Intelligent control system and method for extrusion state of 3D printing nozzle of building

Technical Field

The invention belongs to the technical field of building 3D printing, and particularly relates to an intelligent control system and method for the extrusion state of a 3D printing nozzle of a building.

Background

At present, the building 3D technology is in the key industry starting stage, has been completely open in public buildings, decorative buildings, emergency buildings, customized buildings and the like, and is in the transition stage from laboratories to commercialization.

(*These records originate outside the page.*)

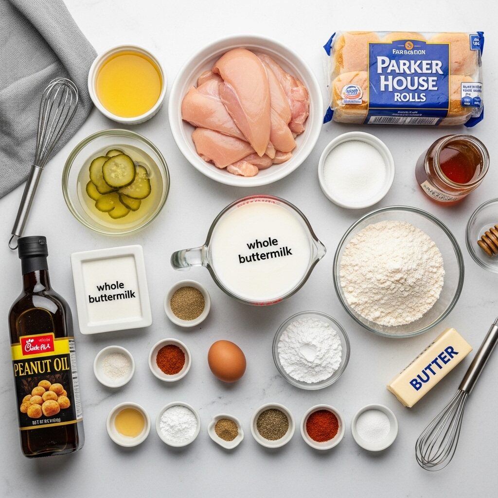 Creating these incredible Copycat Chick-Fil-A Chicken Minis uses a blend of pantry staples and a few specific ingredients. Here’s what you’ll want to grab to get started!
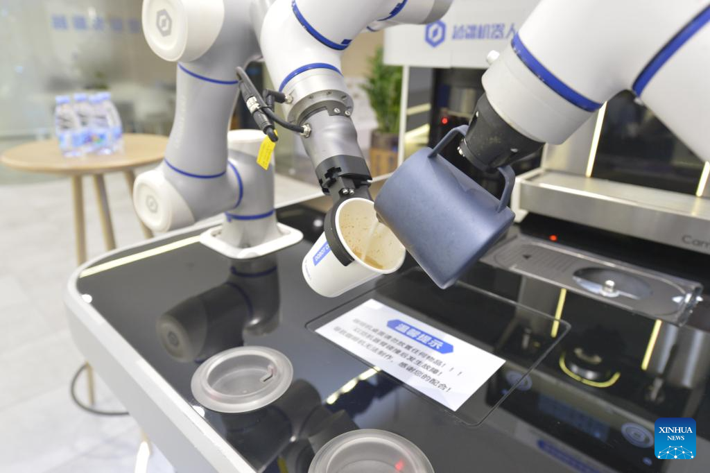 Человекоподобный робот готовит латте-арт в компании DOBOT, занимающейся разработкой коллаборативных роботов, в Шэньчжэне, провинция Гуандун на юге Китая, 29 октября 2025 года. (Синьхуа/Лю Лихан)
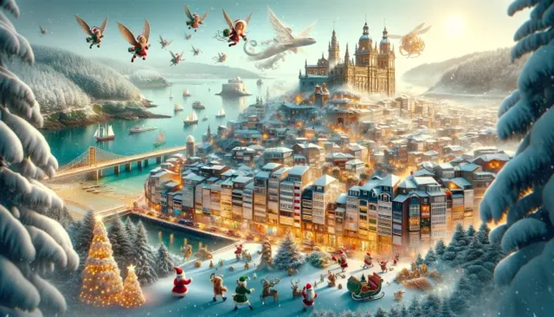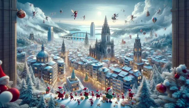 ChatGP’Ts kunstige intelligens - I, kendt som DALL-E - har skabt denne version af, hvordan Vigo, Pontevedra, Ourense, Lugo, A Coruña og Santiago de Compostela ville se ud, hvis de var et rigtigt julerige. De mest symbolske og besøgte steder optræder i et snedækket landskab og med typiske elementer fra juleforestillingerne, som rensdyr, nisser, engle eller julemanden.
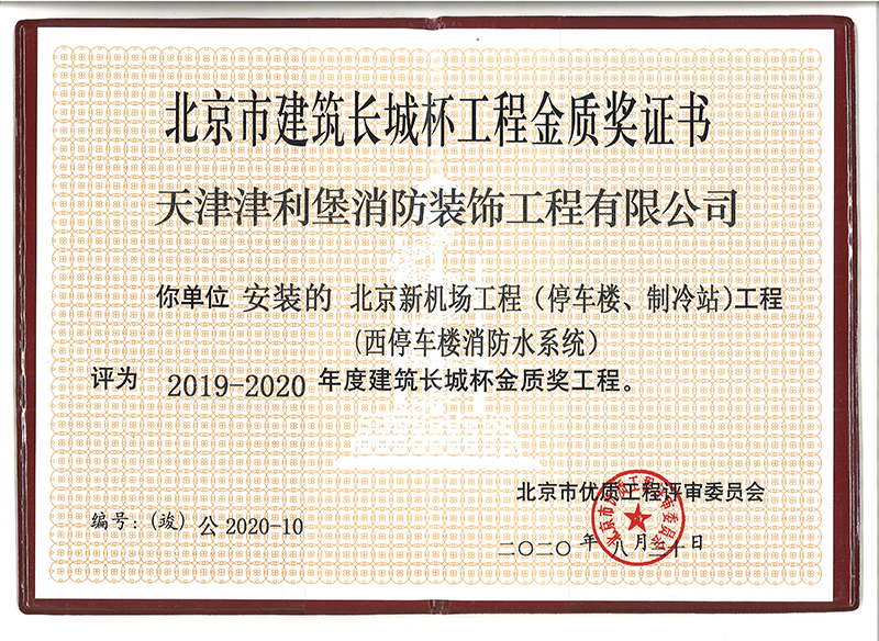 北京新機(jī)場(chǎng)工程(停車(chē)樓、制冷站)工程(西停車(chē)樓消防水系統(tǒng))項(xiàng)目榮獲“2019-2020年度北京市建筑長(zhǎng)城杯工程金質(zhì)獎(jiǎng)”榮譽(yù)稱(chēng)號(hào)
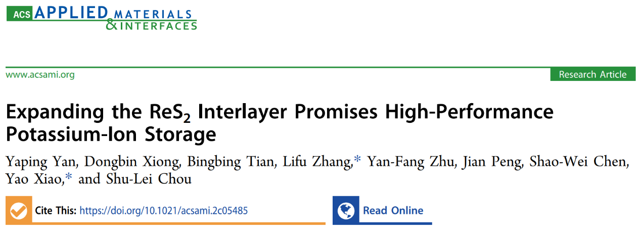 然而,目前报道的ReS2电极材料表现出的较差的动力学离子扩散和循环稳定性,尤其是在高电流密度下的电化学性能。为了解决上述关键核心问题,近日,我校化材学院碳中和技术创新研究院肖遥团队在国际权威期刊《ACS Applied Materials & Interfaces》(https://pubs.acs.org/doi/abs/10.1021/acsami.2c05485)上发表题为“Expanding the ReS2 Interlayer Promises High-Performance Potassium-ion Storage”的研究论文。本文利用二维层状材料的特点,采用二维材料层间距扩大的策略,通过简单的水热法,在还原氧化石墨烯(rGO)表面上合成了扩层的ReS2纳米片。所制备的ReS2纳米片的层间距为~ 0.77 nm,远大于扩层前的0.61 nm。采用原位XRD技术研究了ReS2在钾离子电池中的离子存储机制,揭示了钾离子在扩层ReS2中嵌入和转换两种混合的模式。扩层的纳米复合材料在0.05、0.2和1.0 A/g电流密度下表现出432.5、316.5和241 mAh/g的高比容量,并在1A/g的电流密度下,表现出优异的可逆性。总体而言,这种材料局域化学策略也为其他材料的开发应用提供了新的借鉴。
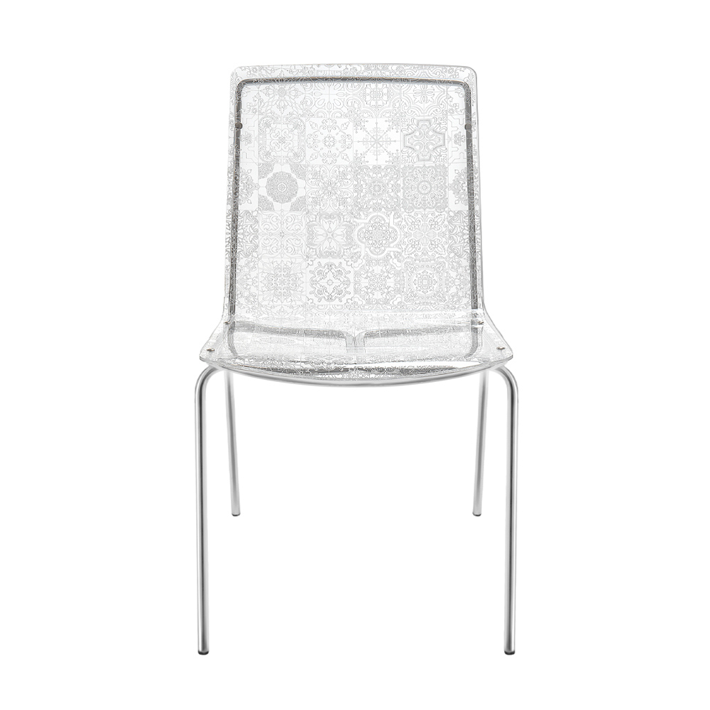 Living room chair made with plexiglass seat and back and silver chromed iron structure, entirely Made in Italy.
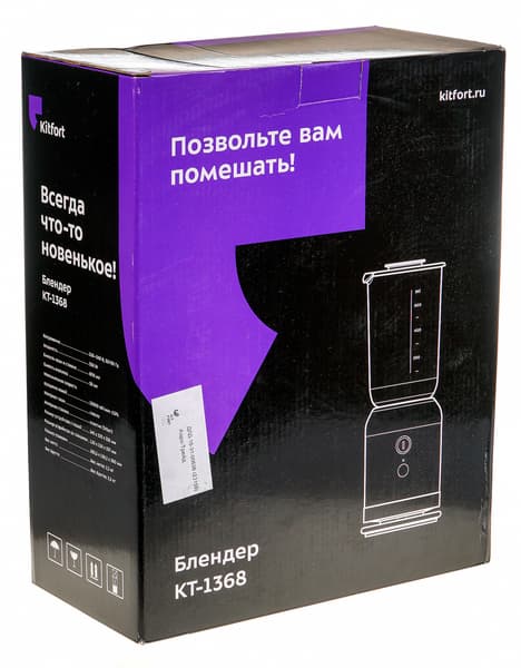 Блендер прибыл на тестирование в картонной коробке, оформленной в новой черно-фиолетовой гамме. На коробке присутствуют: схематичное изображение прибора, а также основные характеристики и техническая информация. В качестве защиты от ударов в процессе транспортировки внутри коробки блендер упакован в картонные ячейки. Коробка выглядит надежной, но ручками для переноски она не оснащена.
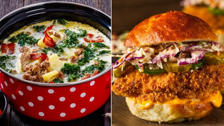 For an innovative Southwestern or Mexican twist on the "soup and sandwich" concept, try pairing our black bean soup with crispy chicken quesadillas (and yes, a bunch of ingredients placed between hand-held carbs constitutes a sandwich for us). The soup offers a protein-rich, wholly vegan dish that combines black beans with onion, canned tomatoes, green chilis, and Southwestern spices like cumin and chili powder to produce a chili-esque bowl. While the recipe calls for an immersion blender, it can be left as chunky as you like, or puréed (even in part) in a food processor or standard blender.
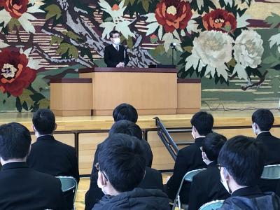 今週の金曜日に卒業式を迎える3年生ですが、今日の様子からも素晴らしい卒業式になることを確信した校長講話でした。
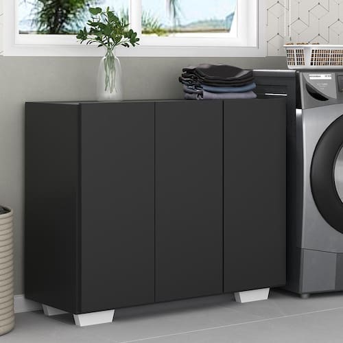 Armário Lavanderia Com 3 Portas 90 Cm Multimóveis Mp5034 Preto/branco

Traditional 3D printing technique mainly is applied to small-size product fields such as medical treatment, accessories, and it is not more than the part of storage silo volume according to the certain volume of printing out that the size of storage silo lasts, and is different with traditional 3D printing mode, and large-scale building printing work has decided that the printing nozzle will have the extrusion capacity who lasts the feed. In the whole process of conveying and extruding the building material, the printing material at the outlet is easily blocked due to the reduction of the sectional area of the channel at the extrusion outlet of the spray head, the reinforcing fibers are often required to be added in the process of printing the building material (concrete, mortar and the like), the reinforcing fibers in the printing material are directionally oriented (arranged along the printing direction) in the process of conveying the printing material, and the orientation action is intensified due to the reduction of the sectional area at the extrusion outlet, so that aggregates in the building material, particularly the concrete, are accumulated at the extrusion outlet to cause blockage.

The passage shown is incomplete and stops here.